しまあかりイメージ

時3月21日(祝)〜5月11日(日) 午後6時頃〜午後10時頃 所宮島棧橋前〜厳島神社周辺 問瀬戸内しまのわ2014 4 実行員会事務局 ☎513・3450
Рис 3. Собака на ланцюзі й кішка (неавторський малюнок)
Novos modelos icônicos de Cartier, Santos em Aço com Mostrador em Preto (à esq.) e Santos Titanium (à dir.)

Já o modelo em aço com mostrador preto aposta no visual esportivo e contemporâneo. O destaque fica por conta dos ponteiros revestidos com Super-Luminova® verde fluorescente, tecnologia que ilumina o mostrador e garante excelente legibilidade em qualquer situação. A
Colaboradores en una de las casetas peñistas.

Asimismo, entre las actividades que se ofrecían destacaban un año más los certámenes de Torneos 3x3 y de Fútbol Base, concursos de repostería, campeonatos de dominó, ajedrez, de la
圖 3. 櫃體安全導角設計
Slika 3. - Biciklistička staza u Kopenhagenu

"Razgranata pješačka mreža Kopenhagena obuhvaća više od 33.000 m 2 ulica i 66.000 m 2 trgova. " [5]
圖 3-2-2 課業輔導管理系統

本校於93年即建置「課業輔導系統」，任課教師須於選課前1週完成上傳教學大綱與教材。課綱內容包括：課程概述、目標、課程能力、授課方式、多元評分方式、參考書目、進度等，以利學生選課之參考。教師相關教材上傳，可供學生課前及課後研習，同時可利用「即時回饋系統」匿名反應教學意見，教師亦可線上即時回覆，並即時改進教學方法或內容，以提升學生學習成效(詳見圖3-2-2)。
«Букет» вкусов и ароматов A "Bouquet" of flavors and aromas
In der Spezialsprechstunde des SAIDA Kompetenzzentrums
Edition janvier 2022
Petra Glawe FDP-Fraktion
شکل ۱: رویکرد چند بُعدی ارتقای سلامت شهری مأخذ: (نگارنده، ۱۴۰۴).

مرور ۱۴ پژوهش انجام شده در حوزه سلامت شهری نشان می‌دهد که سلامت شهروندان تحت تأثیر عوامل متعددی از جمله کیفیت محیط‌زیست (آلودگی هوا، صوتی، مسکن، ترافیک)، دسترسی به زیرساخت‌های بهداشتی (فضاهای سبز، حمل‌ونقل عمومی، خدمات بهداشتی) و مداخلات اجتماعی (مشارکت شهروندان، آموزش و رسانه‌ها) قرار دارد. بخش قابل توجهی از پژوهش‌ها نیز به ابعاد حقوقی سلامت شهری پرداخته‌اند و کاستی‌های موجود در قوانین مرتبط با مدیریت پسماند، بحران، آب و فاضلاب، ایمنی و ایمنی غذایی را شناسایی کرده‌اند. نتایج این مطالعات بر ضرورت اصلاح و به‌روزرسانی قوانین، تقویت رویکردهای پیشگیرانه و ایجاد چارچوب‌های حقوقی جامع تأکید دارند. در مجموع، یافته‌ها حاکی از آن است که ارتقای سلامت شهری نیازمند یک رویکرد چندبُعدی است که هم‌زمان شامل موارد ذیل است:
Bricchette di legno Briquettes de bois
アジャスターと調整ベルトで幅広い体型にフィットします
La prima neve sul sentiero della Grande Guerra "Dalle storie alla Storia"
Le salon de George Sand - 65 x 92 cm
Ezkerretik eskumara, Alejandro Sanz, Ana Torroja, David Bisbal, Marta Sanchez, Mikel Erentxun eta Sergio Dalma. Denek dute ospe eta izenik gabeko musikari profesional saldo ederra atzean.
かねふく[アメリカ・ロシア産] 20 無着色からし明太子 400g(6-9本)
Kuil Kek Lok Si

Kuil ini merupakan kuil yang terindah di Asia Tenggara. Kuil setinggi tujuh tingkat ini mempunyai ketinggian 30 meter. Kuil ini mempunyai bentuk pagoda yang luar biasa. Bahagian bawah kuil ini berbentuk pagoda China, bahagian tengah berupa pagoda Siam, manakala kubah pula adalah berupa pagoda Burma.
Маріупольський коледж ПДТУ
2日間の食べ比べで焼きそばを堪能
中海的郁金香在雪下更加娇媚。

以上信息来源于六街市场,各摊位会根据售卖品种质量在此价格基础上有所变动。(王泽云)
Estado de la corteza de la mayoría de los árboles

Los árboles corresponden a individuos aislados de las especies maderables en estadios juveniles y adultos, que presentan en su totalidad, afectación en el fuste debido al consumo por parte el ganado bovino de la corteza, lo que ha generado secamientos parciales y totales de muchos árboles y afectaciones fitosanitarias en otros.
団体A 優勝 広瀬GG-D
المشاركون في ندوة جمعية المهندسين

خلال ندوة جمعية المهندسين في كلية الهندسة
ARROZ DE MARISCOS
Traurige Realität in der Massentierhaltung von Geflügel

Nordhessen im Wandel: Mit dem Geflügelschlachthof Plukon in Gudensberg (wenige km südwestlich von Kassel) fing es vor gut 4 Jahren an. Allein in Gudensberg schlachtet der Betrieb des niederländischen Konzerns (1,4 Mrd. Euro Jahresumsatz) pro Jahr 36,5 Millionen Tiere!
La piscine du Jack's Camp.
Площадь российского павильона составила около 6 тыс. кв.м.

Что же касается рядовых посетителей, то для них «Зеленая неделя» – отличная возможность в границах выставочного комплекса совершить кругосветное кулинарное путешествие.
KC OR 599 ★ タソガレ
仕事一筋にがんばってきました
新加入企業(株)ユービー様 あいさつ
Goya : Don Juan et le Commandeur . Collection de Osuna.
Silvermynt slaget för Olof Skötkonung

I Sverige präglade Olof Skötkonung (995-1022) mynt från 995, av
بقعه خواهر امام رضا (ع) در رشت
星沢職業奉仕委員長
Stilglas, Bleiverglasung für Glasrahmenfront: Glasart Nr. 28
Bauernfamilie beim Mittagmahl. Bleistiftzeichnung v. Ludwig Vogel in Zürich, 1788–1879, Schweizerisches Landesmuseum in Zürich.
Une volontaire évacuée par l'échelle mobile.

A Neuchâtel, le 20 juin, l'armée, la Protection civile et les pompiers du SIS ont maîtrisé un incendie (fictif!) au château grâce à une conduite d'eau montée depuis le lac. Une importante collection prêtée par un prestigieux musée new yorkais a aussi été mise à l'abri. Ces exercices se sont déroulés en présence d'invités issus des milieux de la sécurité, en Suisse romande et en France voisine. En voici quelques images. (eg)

= = = = =

Problem statement:
Gather up every line from the listing above in which the word "المهندسين" occurs.

Your response:
المشاركون في ندوة جمعية المهندسين
خلال ندوة جمعية المهندسين في كلية الهندسة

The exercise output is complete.